(Source data)

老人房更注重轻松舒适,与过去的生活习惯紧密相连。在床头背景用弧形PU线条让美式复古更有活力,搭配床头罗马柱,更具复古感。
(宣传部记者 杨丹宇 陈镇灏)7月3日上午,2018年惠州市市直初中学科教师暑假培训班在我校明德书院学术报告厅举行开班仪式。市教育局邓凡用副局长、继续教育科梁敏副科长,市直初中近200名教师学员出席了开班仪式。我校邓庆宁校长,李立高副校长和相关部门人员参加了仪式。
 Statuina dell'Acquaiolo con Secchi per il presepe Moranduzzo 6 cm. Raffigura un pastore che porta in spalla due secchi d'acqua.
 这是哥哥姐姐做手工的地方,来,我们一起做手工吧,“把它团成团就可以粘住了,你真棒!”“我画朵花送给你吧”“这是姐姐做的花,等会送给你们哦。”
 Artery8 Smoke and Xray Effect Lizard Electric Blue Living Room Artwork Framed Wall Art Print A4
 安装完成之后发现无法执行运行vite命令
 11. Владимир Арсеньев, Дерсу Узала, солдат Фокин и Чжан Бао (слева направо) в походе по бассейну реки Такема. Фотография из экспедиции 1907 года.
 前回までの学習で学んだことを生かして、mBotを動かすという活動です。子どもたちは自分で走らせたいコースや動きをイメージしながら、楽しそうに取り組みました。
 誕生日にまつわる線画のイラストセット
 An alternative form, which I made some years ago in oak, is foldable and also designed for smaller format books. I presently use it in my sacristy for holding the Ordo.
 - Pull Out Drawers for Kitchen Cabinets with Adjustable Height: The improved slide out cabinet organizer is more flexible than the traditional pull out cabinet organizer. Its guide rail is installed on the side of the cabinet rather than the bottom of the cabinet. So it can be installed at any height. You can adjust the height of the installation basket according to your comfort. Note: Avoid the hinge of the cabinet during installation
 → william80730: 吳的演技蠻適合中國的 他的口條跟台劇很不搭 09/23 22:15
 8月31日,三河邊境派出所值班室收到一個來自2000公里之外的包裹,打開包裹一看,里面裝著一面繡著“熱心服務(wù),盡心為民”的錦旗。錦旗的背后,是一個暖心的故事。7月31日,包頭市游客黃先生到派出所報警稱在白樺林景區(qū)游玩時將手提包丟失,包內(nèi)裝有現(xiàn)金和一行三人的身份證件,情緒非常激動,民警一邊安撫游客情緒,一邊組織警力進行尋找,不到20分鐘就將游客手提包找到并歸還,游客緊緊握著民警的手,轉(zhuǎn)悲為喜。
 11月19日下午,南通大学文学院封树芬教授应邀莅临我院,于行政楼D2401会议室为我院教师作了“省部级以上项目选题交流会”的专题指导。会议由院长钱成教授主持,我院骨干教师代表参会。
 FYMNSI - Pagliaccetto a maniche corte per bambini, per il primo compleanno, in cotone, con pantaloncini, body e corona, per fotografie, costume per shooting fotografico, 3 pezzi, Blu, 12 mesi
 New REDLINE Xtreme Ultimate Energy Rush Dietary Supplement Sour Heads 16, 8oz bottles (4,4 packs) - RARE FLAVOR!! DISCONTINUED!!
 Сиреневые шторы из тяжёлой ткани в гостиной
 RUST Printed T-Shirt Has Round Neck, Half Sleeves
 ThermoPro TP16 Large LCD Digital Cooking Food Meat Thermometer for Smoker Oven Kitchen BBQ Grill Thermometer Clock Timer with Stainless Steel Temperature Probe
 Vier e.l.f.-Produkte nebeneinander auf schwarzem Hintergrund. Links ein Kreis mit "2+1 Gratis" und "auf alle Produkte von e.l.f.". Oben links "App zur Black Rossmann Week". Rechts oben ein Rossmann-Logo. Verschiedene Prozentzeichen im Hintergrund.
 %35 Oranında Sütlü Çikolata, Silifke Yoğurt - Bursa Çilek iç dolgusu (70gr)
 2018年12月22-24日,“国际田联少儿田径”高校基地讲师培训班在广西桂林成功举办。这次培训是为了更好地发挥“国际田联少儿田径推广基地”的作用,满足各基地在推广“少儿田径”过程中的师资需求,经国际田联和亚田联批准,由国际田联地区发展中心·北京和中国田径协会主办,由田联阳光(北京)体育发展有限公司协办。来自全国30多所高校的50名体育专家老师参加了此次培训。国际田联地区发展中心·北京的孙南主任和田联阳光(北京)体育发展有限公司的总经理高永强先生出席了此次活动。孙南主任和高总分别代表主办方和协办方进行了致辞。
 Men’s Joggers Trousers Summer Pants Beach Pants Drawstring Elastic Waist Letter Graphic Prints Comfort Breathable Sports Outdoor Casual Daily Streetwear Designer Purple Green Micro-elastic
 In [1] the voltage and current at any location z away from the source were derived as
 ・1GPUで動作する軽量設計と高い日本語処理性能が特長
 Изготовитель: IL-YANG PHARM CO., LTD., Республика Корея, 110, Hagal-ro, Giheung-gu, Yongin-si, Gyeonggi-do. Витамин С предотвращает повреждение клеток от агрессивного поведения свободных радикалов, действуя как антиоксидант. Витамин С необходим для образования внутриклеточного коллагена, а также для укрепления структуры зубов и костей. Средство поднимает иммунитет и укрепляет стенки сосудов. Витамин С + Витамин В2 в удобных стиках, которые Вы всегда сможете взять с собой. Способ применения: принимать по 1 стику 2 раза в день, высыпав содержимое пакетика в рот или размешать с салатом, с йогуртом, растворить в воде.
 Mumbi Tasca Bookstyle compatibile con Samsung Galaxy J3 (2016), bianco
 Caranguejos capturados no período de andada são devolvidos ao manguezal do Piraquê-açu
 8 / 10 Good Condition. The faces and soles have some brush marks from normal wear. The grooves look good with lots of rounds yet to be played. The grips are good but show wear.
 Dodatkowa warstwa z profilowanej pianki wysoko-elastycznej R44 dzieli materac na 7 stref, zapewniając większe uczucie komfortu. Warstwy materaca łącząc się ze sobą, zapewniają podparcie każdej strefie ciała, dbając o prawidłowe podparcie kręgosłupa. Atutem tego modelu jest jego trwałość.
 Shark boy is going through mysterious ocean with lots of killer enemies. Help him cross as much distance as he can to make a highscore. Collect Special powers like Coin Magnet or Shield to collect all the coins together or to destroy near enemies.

■ Assignment:
Check each line of the records for the word "lots", then state how many lines have it, as a number only.

■ Solution:
2